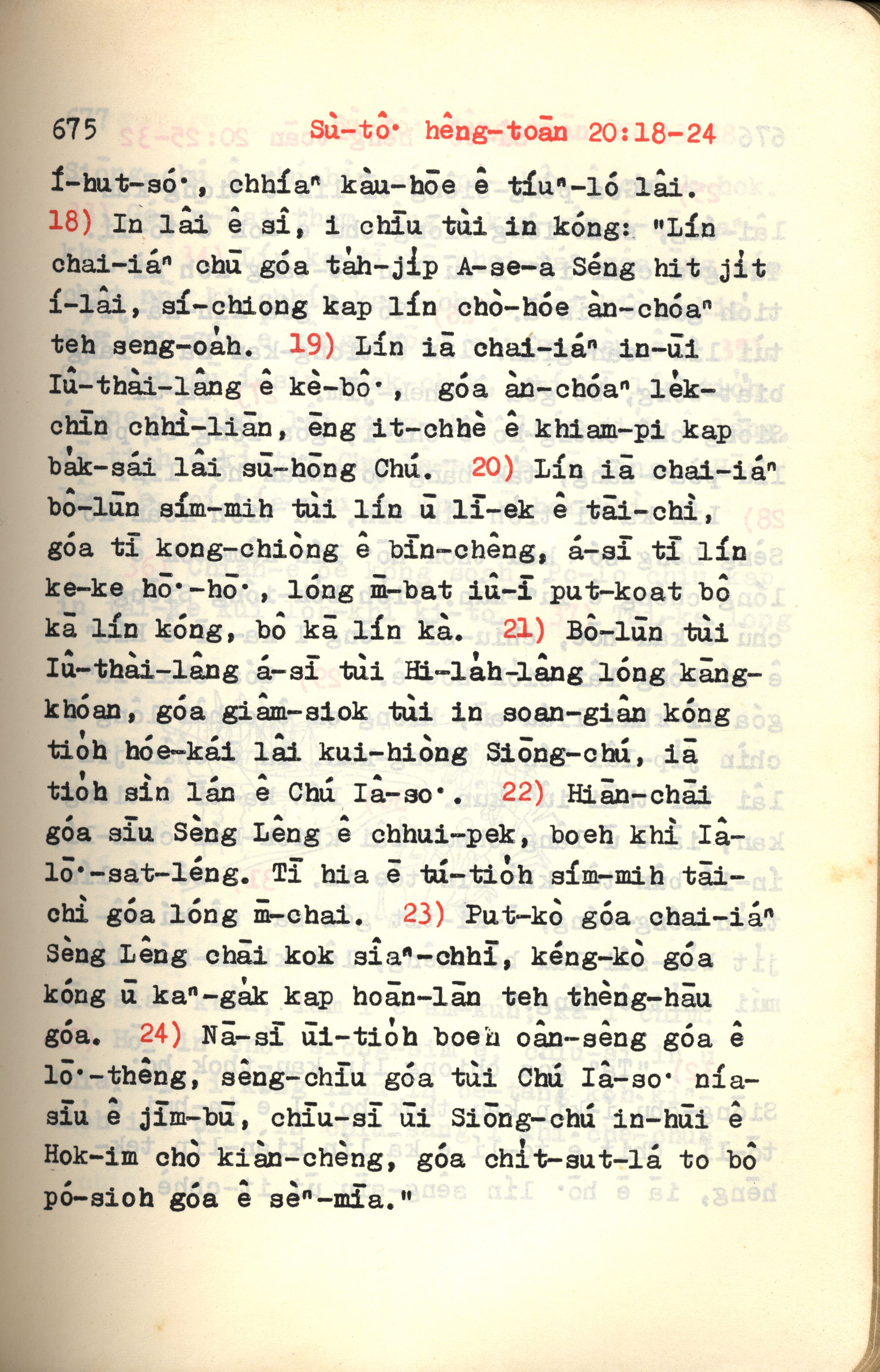 1972年新约红皮圣经 使徒行传 20 章 18 节到 20 章 24 节
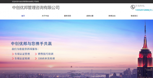 北京中創(chuàng)優(yōu)邦管理咨詢有限公司(簡稱中創(chuàng)優(yōu)邦),是一家專注于為中小企業(yè)提供專業(yè)管理咨詢與ISO認(rèn)證培訓(xùn)服務(wù)的企業(yè)管理咨詢機構(gòu)。其總部位于北京,專業(yè)為企業(yè)提供ISO9001、ISO14001、OHSAS18000、ISO/TS16949、ISO27001、ISO20000、ISO13485、ISO22000(HACCP)等國際管理體系認(rèn)證咨詢。截止到2016年底,已在機械設(shè)備、電子電氣、軌道交通、國家電網(wǎng)、研發(fā)、銷售、工程施工、物業(yè)服務(wù)、高新科技、政府單位等10多個重點行業(yè)、上千家企業(yè)提供了優(yōu)質(zhì)的管理咨詢服務(wù),積累了豐富的多行業(yè)、多領(lǐng)域、不同體制的企業(yè)咨詢項目經(jīng)驗。目前,公司在北京、河北、山西、內(nèi)蒙、山東、天津設(shè)有分公司。
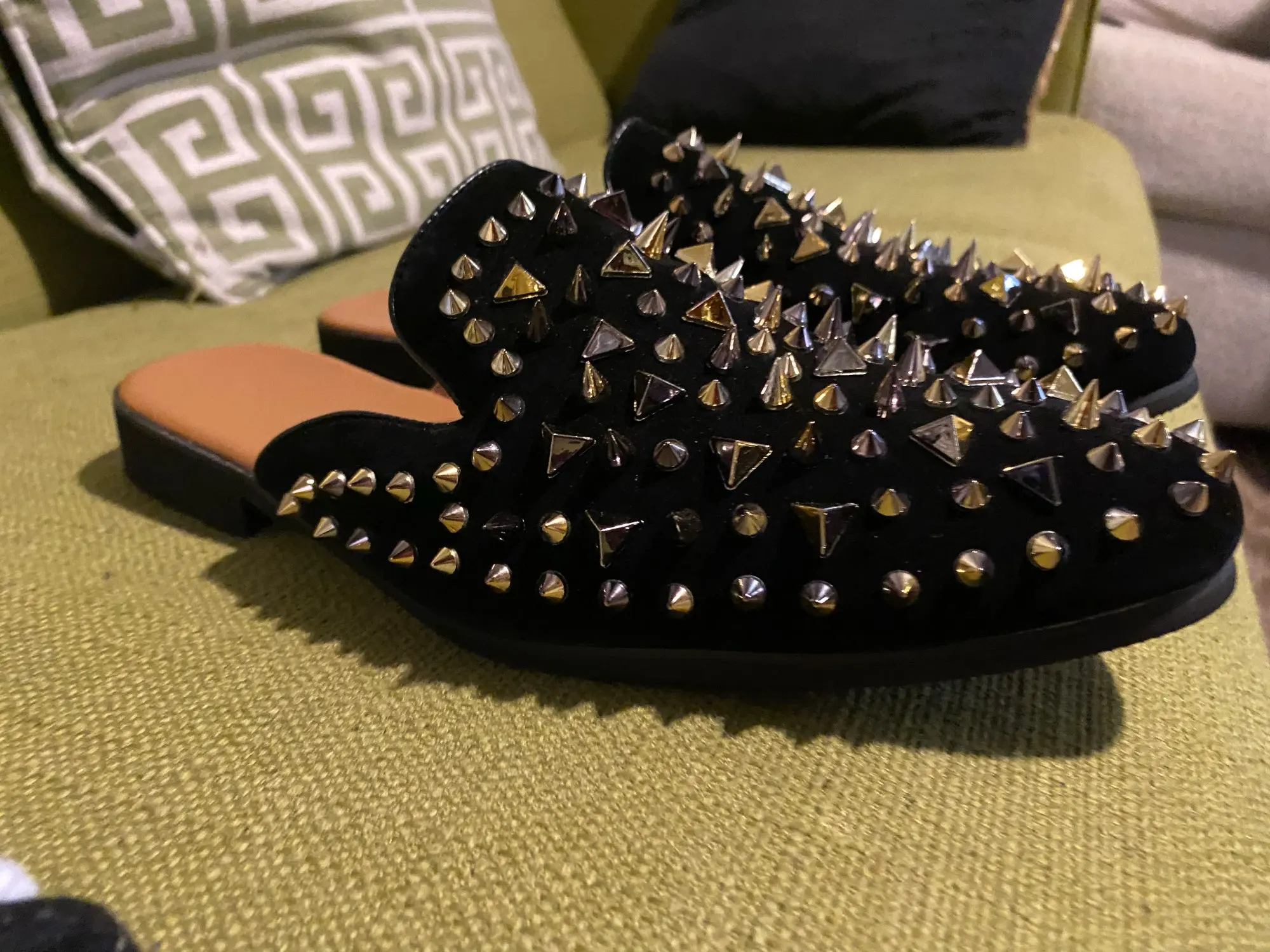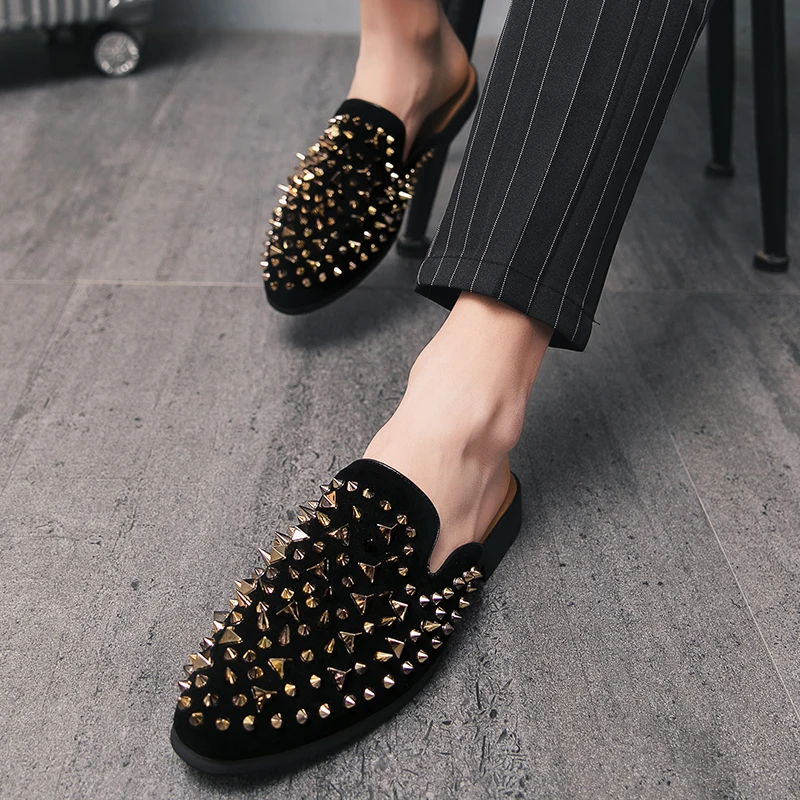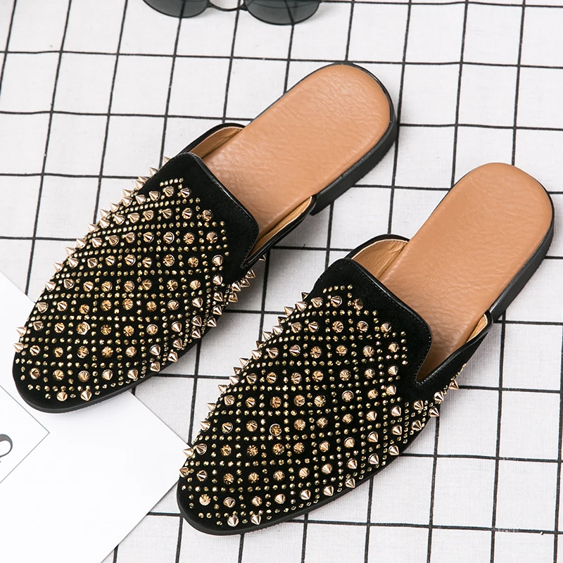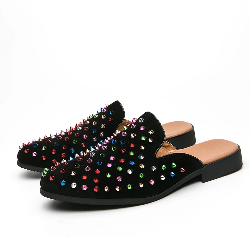 Черные шипы, новинка 2021, Брендовые мужские лоферы, роскошная обувь из денима и металлических блесток, высококачественная повседневная мужская обувь
########################################
● **Required work**: Your copy should match the data exactly, apart from the images, which are dropped.

● **Solution to this task**:
 1972年新约红皮圣经 使徒行传 20 章 18 节到 20 章 24 节
 北京中創(chuàng)優(yōu)邦管理咨詢有限公司(簡稱中創(chuàng)優(yōu)邦),是一家專注于為中小企業(yè)提供專業(yè)管理咨詢與ISO認(rèn)證培訓(xùn)服務(wù)的企業(yè)管理咨詢機構(gòu)。其總部位于北京,專業(yè)為企業(yè)提供ISO9001、ISO14001、OHSAS18000、ISO/TS16949、ISO27001、ISO20000、ISO13485、ISO22000(HACCP)等國際管理體系認(rèn)證咨詢。截止到2016年底,已在機械設(shè)備、電子電氣、軌道交通、國家電網(wǎng)、研發(fā)、銷售、工程施工、物業(yè)服務(wù)、高新科技、政府單位等10多個重點行業(yè)、上千家企業(yè)提供了優(yōu)質(zhì)的管理咨詢服務(wù),積累了豐富的多行業(yè)、多領(lǐng)域、不同體制的企業(yè)咨詢項目經(jīng)驗。目前,公司在北京、河北、山西、內(nèi)蒙、山東、天津設(shè)有分公司。
 Черные шипы, новинка 2021, Брендовые мужские лоферы, роскошная обувь из денима и металлических блесток, высококачественная повседневная мужская обувь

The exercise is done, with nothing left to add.